FredixBlog

Quertion: I am trying to create a custom autonumber, due to an upgrade from a previous approach database that used a double as the autonumber and primary key.

Got to the first session, paused. Try to contimue with F8. The record has been locked by the other session, the record can’t anymore be updated with a pessimistic lock.

here is the code I used to generate the autonumber. The table I created contains only one field (autonum).

This will be used in a multi-user environment in Access 2000 SR-1 runtime
and I need advice on how I can ensure an error will not kick the user out.

I tried to simulate simultaneous use but did not get an error as I have
expected to.

Is their a better way to test it before finding out the hard
way, it don’t really work?

Is their a better way of doing this?

Any suggestions will be appreciated.

Here’s my code

Module Code:
Public Function GetAutoNum()
‘Returns Job Number from autonum table in autonum field.
‘then adds one to autonum.
Dim num As Double
Dim rst As ADODB.Recordset
    Set rst = New ADODB.Recordset
    rst.Open “autonum”, CurrentProject.Connection, adOpenDynamic,
    adLockPessimistic
    rst.MoveFirst
    num = rst(”autonum”)
    rst(”autonum”) = num + 1
    rst.Update
    rst.Close
    Set rst = Nothing
    GetAutoNum = num
End Function

Form Code:
Private Sub Form_BeforeInsert(Cancel As Integer)
    Me.jobnum = work.GetAutoNum
End Sub

Thanks in advanced
-Adam

With a regular lock, this is the second session that will fail to update.

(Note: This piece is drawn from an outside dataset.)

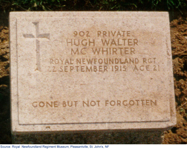 Son of Hugh Henry and Lottie McWhirter, of Humbermouth, Bay of Islands, Newfoundland. Pte McWhirter was the first member of The Royal Newfoundland Regiment to be killed in the First World War.

So, here the locking method doesn’t matter, but you have to add error trapping code according to your locking scheme. When failed, the rst.update should retry and the appropriate code should be added. Here the code for retries you will add shall work on both lock schemes.

Regards.

atrout77 asked this follow-up question on 6/5/2002:
Thank you, this is the type of answer I hoped to get. I knew I should have gotten an error when i tried to simulate the situation, but for some reason or another it didn’t
(I tried to have another user insert a record at the exact time I added it, probably didn’t do it at the exact same time so no error occured as I expected)
Fredix gave this response on 6/6/2002:
Yes, try it. Your code just need a few more lines. Tell me how it goes.

I will try this as it is a great suggestion, just wonder why I didn’t think of it, thanx again.

 

Also, in my previous post, replace pessimistic by optimistic.

The optimistic lock fires a lock for the user who first updates the record.

With your code, the lock method doesn’t makes any difference, as the transaction should be very quick.

atrout77 asked this follow-up question on 6/10/2002:
Ok, I tried what you suggested and recieved an error as i should have, so now I can trap it.

I however never really wrote code to perform a retry of something and was wondering if i should use a loop (To time the next retry) and retry then or it their a better way?

Can you give an example?

Thanks again,
-Adam

Fredix gave this response on 6/10/2002:
Sure,

Yes, this is just a small loop to write. Here is one, which will replace the rst.Update line:

Dim Retries as Integer
Dim OtherError as string
…
    Retries = 0
    On Error Resume Next ‘ No break when error occurs
    rst.Update
    While Err <> 0 and Retries < 10 ‘ We will retry 10 times
        Retries = Retries + 1
        rst.Update
        OtherError = Error$
    Wend
    On Error Goto 0 ‘ Back to normal error break
    If Retries = 10 then
        Msgbox “Update was unsuccessful.”, OtherError
    EndIf

10 retries is a very large number. 3 could be enough, it all depends on the potential number of users.
I added the OtherError variable, in case you have another error (disk full, disk error, duplicate record, etc)